Telle était la théorie de Clarendon et il n'en changea point; mais son honnêteté et son bon sens ne lui permirent pas d'y conformer exclusivement sa pratique. Chaque jour il se heurtait contre un pays nouveau; chaque jour la nécessité de ménager les hommes lui imposait celle de transiger avec les choses. Il adoptait, en principe, la plupart des préjugés et des prétentions de l'ancien parti royaliste; mais, arrivé en présence des faits, il voyait ce qu'il n'avait pas prévu, et soutenait ce qu'il s'était promis d'extirper; et le premier _ministre de Charles II, rentré avec son maître après quinze ans d'absence, fut bientôt le protecteur des intérêts révolutionnaires, l'adversaire le plus détesté de la cour et des Cavaliers.

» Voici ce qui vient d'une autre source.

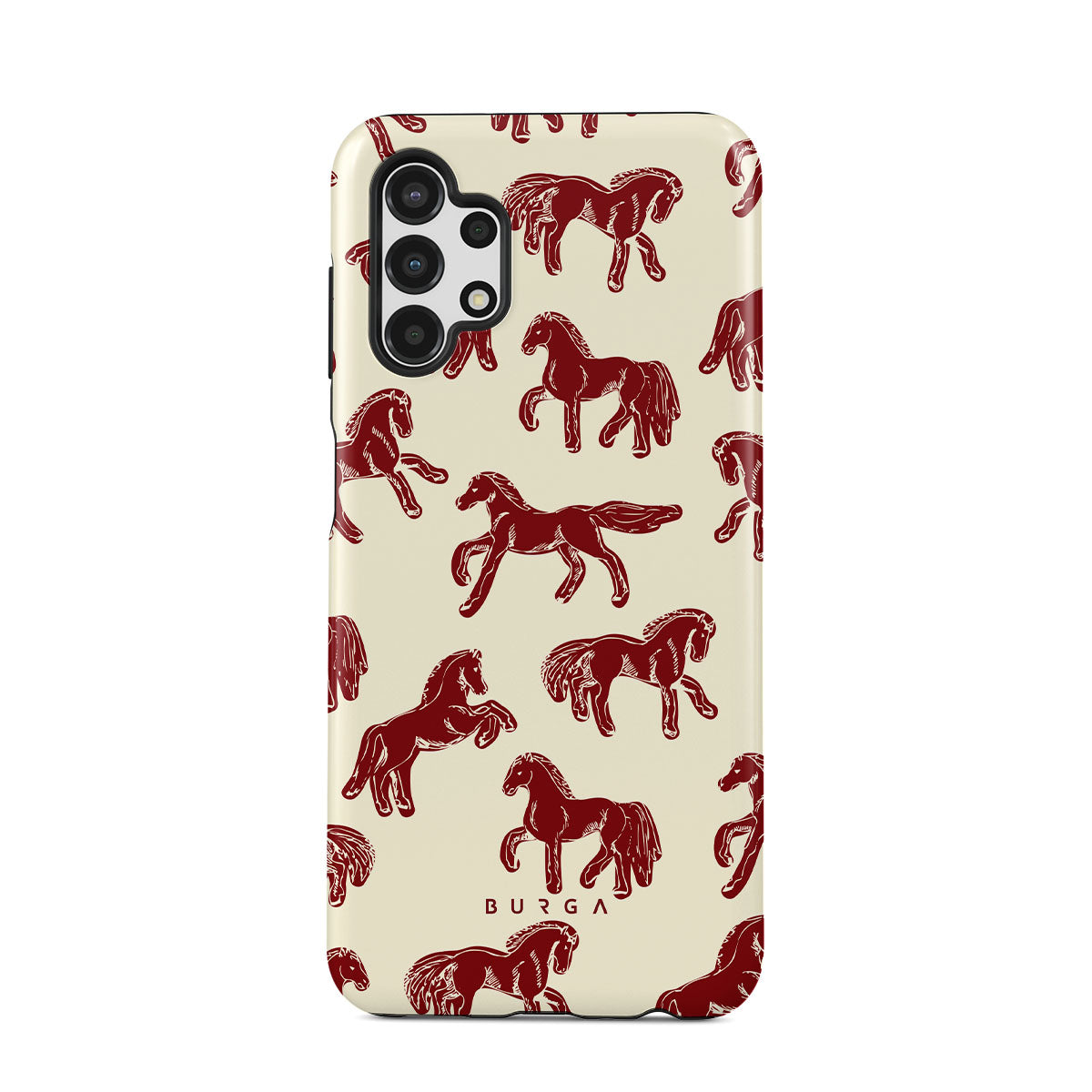 It's time to unleash your wild side with the Mustang design. Bold red horses gallop across a nude background, capturing the spirit of untamed adventure. This Samsung Galaxy A13 4G phone case is perfect for the free-spirited souls ready to ride into the unknown.

Cette situation, qui fit le tourment et la chute de Clarendon, a fait depuis sa gloire. Il la soutint avec habileté et courage. Souvent absurde et inique dans ses rapports avec le parti national, il fut, contre son propre parti, éclairé, ferme, vertueux même. Censeur sévère des mœurs corrompues de Charles II, franchement protestant, malgré sa haine pour les Presbytériens, dans une cour impie ou secrètement catholique, grave et probe au milieu de courtisans avides et frivoles, attaché aux anciennes lois du pays, tout en détestant le nouvel esprit de liberté, modéré par raison, quoique son humeur fût âpre et peut-être même vindicative, il s'opposa constamment à ce débordement de désordres, à cette tyrannie insouciante et capricieuse, où le gouvernement de l'Angleterre à cette époque était sans cesse poussé par les vices du roi et les passions des Cavaliers. Émigré, le grand chancelier ne dompta point le mauvais génie de la Restauration et n'en conçuter pas même la pensée; vieil Anglais, il dirigea, contre la mauvaise nature de son parti, tout ce qu'il avait de pouvoir, d'habileté et de vertu.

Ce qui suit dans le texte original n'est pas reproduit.